Regarding development pace, I will have no other commitments this summer so I will be able to spend my full time on development.


You and the community

If your project is successfully completed, what will its impact be on the Sugar Labs community? Give 3 answers, each 1-3 paragraphs in length. The first one should be yours. The other two should be answers from members of the Sugar Labs community, at least one of whom should be a Sugar Labs GSoC mentor. Provide email contact information for non-GSoC mentors.

Answer from me:

The completion of this project would give teachers more dedicated to traditional, presentation-based curriculum a new means to broadcast multimedia such as lecture slides, live lab demonstrations, live demonstrations on software usage, or other multimedia. The potential for this project to reduce teachers' dependence on projectors, and even replace the need for expensive projectors, would also make it attractive financially for any budget-limited schools considering participation in the pilot program.

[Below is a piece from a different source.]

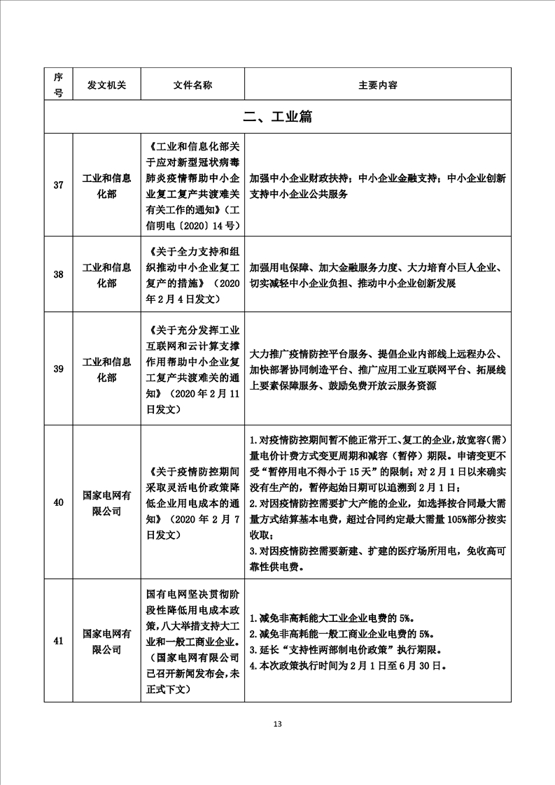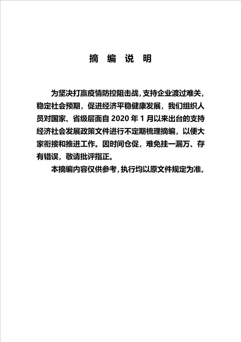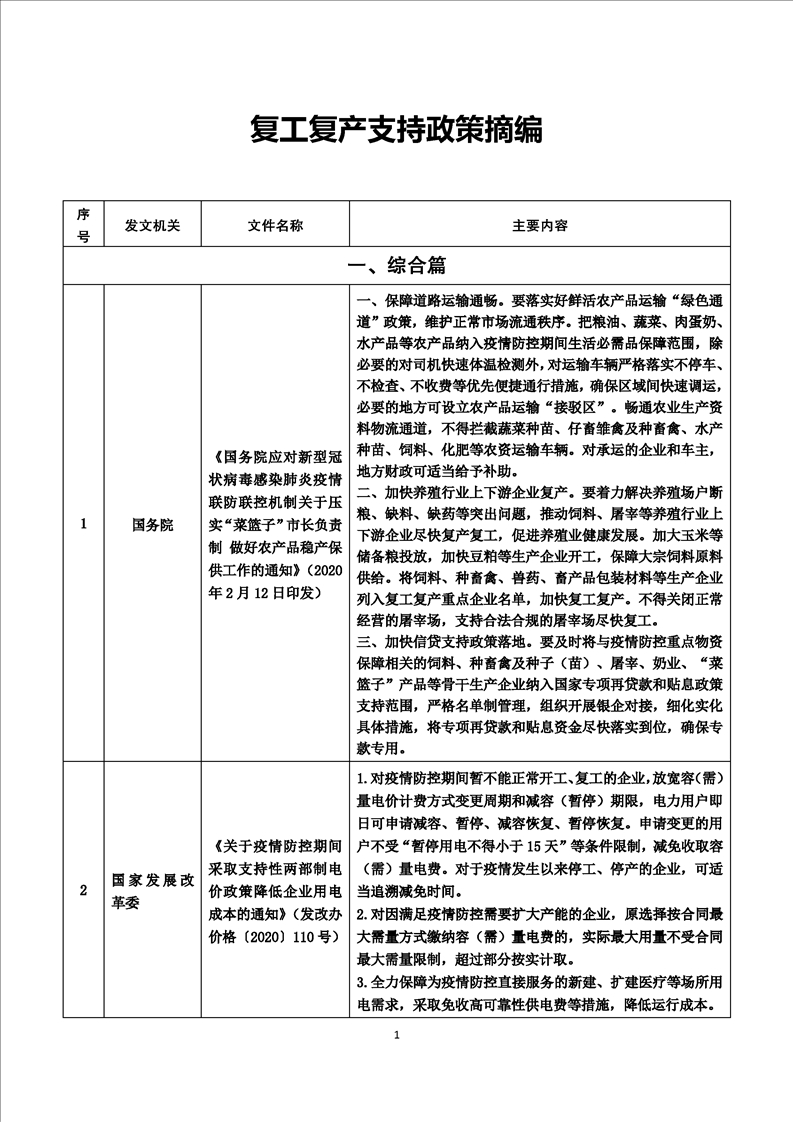 新冠肺炎疫情防控期間復工復產支持政策摘編(第1期)

Sugar Labs will be working to set up a small (5-30 unit) Sugar pilot near each student project that is accepted to GSoC so that you can immediately see how your work affects children in a deployment. We will make arrangements to either supply or find all the equipment needed. Do you have any ideas on where you would like your deployment to be, who you would like to be involved, and how we can help you and the community in your area begin it?

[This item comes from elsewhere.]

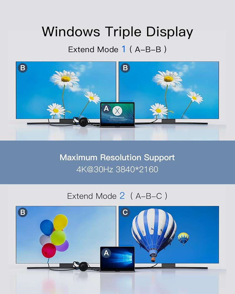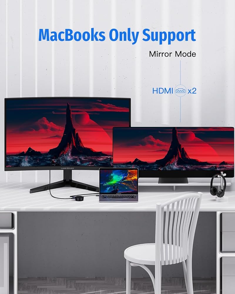 DOUAL DISPLAY DOCKING STATION- Simply connect docking station with the HDMI port and you can enjoy Ultra HD audio instantly(Single Display Up to 4K@30Hz). Hdmi splitter for dual monitors support mirror or extend mode with crystal clear 3D visual and high quality video experience through 2 HDMI ports. You can do different project on different monitors which provide you more space for work, good for home office.

At this time I not certain of whether I will be spending my summer in Cambridge, MA, or Garden Grove, CA. I believe, however, that I will likely be at the former location. I believe there are already some deployments nearby that I can visit, and have no particular preference for the other questions.

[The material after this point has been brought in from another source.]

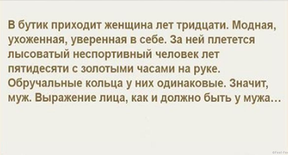 Мораль: Муж уверен, что платье купил он. Любовник убежден, что платье купил он. Никаких вопросов и ревности. А у женщины на руках три штуки баксов и шикарное платье.
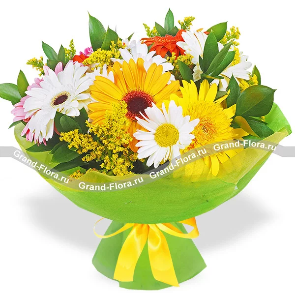 Стандартный (на фото): ромашка белая - 6 шт, гербера разноцветная (белая, розовая, оранжевая, малиновая, желтая) - 9 шт, солидаго 4 шт, рускус, фетр зеленый.

What will you do if you get stuck on your project and your mentor isn't around?

I would utilize the mailing lists to get help from others. Given that the bulk of this project consists of several mostly-independent backend components, I could also fix issues with the other backends, or work on writing documentation and cleaning code up while awaiting help.

How do you propose you will be keeping the community informed of your progress and any problems or questions you might have over the course of the project?

For documenting general progress and milestones achieved, I will be using a page on the Sugar Wiki which can be watched by any interested members. For any problems or questions I encounter, I will be sending email to the appropriate mailing lists, so those subscribed to them would be informed about it.

Miscellaneous

Replaced "Reboot" with "gkovacs@mit.edu".

What is your t-shirt size? (Yes, we know Google asks for this already; humor us.)

L

Describe a great learning experience you had as a child.

The first time I entered the local public library with the intention of checking out books for personal reading enjoyment, I went through the fiction section and checked out many well-known fantasy novels, then spent the next 3 weeks reading through them, probably doing more reading than I had ever done before. Though I didn't learn much factual information, the experience instilled in me a passion for reading.

Is there anything else we should have asked you or anything else that we should know that might make us like you or your project more?